It seems like everyone hates the Alvin and the Chipmunks movies. They’re critically reviled and have never received a Rotten Tomatoes score higher than 27%. Their titles are packed with deliberately terrible wordplay like “squeakquel” and “chipwrecked”. Even their stars outwardly hate the films: David Cross went out of his way to tell people not to watch the last one.
But maybe, just maybe, we’re wrong. Sure, people complain that the films trample on their precious childhood memories, but Alvin and the Chipmunks have been aggressively reinvented for new generations since the 1950s. And let’s not forget that people actually love these films. Collectively, they’ve made more than a billion dollars at the box office. Maybe we’ve been the ones missing out by snootily dismissing them. So, with new film Alvin and the Chipmunks: The Road Chip on the horizon, it’s time for a reappraisal. Let’s begin with the new trailer.
Right from the start, the Alvin and the Chipmunks: The Road Chip trailer utilises much higher production values than we’ve seen before. Sure, it’s just a kids’ film, but they’re trying to make it into a spectacle, and that should be applauded.

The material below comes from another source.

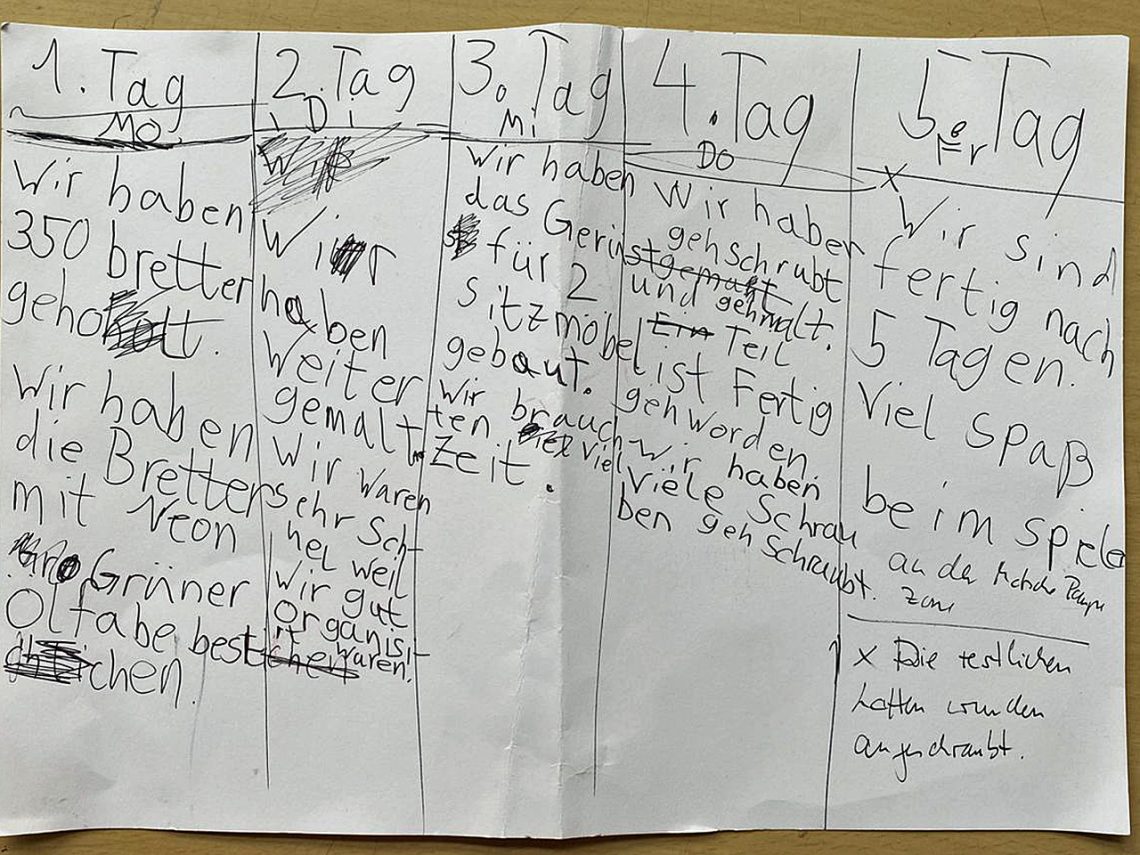 3. Tag: Wir haben das Gerüst für zwei Sitzmöbel gebaut. Wir brauchten viel Zeit.
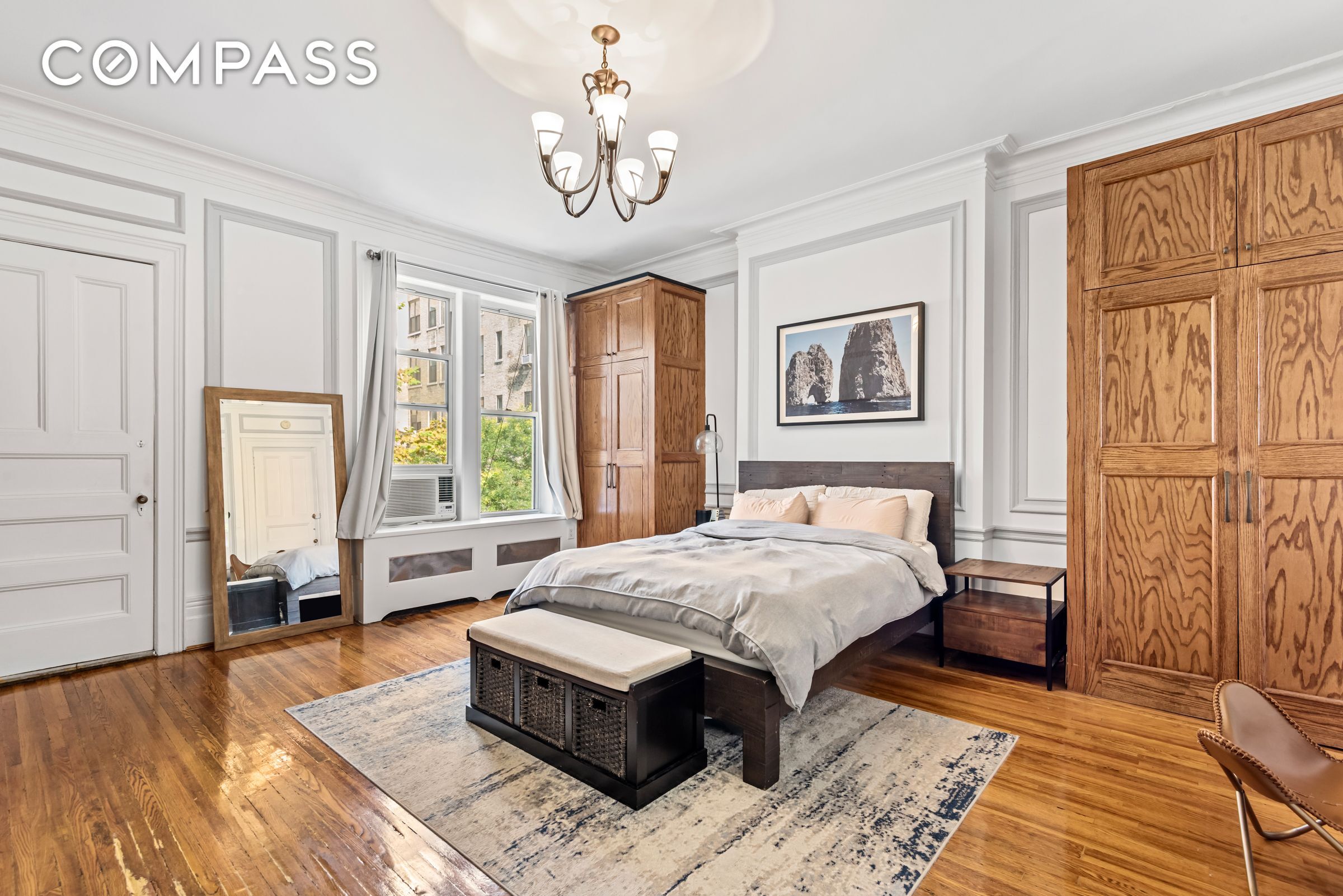 A sunlit, free-market one-bedroom residence exuding Parisian charm. Highlights include a large sitting room, ample closet space, and a well-appointed kitchen with custom cabinetry, modern appliances, and in-unit laundry. The oversized bedroom at the rear features intricate molding, custom-built armoires, and classic hardwood floors. Ceiling height: 10'3".

Oh, that last image was just a bait-and-switch, designed to grab audiences by the lapels and drag them in? And it’s probably not even in the film? And the real film is actually more like this, with an ugly yellow car aimlessly careering though a lazily composed shot of an anonymous road? That should be applauded, too. Everyone likes a bait-and-switch, don’t they?
And, of course, here’s what all those people paid to see: Alvin, Simon and Theodore clinging on for dear life as an apparently driverless car endangers potentially hundreds of lives at top speed. Any second now, their flimsy grasps could slip, hurling them under the wheels of that silver car behind them. And they’re only chipmunks, so the driver would never even notice that he’d crushed the life out of them. See? This film has stakes. It’s a good film.
“But what about the main purpose of these films?” you ask. And you’d be right. Alvin and the Chipmunks, right from their very inception, have existed purely to sing current pop hits in annoying high-pitched voices. So here we go – in Alvin and the Chipmunks: The Road Chip, Alvin and the Chipmunks sing Uptown Funk by Mark Ronson. And they sing it on top of cars, because this film has the word “road” in its title. Mission accomplished.
Worried that the chipmunks won’t sing Uptown Funk for very long in the film? Don’t be! On the basis of the trailer, they’re going to sing Uptown Funk for a really long time. Like, an unimaginably long time. Just like you wanted them to.
And Bella Thorne is in this film. That’s something that might conceivably make some people happy, isn’t it?
They’re still singing Uptown Funk, by the way. Perhaps this whole film is nothing but the chipmunks chanting the phrase “Uptown Funk” over and over again for hours as they shuffle joylessly from foot to foot on the bonnet of an expensive car, their eyes silently pleading with us to end this misery, however we can. And that’s great! Everyone loves Uptown Funk, don’t they?
Hey, look who else is in this film! It’s that guy from LMFAO. You know, the one who does a pretty amazing job of convincing everyone that he’s the worst person who ever walked the Earth every time he appears in anything. He’s helping Alvin sing Uptown Funk now. Maybe this is purgatory. Maybe this never ends, and we’re all trapped in this collective limbo listening to a relentless helium version of Uptown Funk until we all learn to forgive our enemies. That’s great, too, because it is basically the plot of Lost, and everyone liked that, didn’t they? Everyone liked Lost, everyone likes Uptown Funk and everyone loves Alvin and the Chipmunks. Great job, guys! This film can’t lose! Write yourselves another billion-dollar cheque!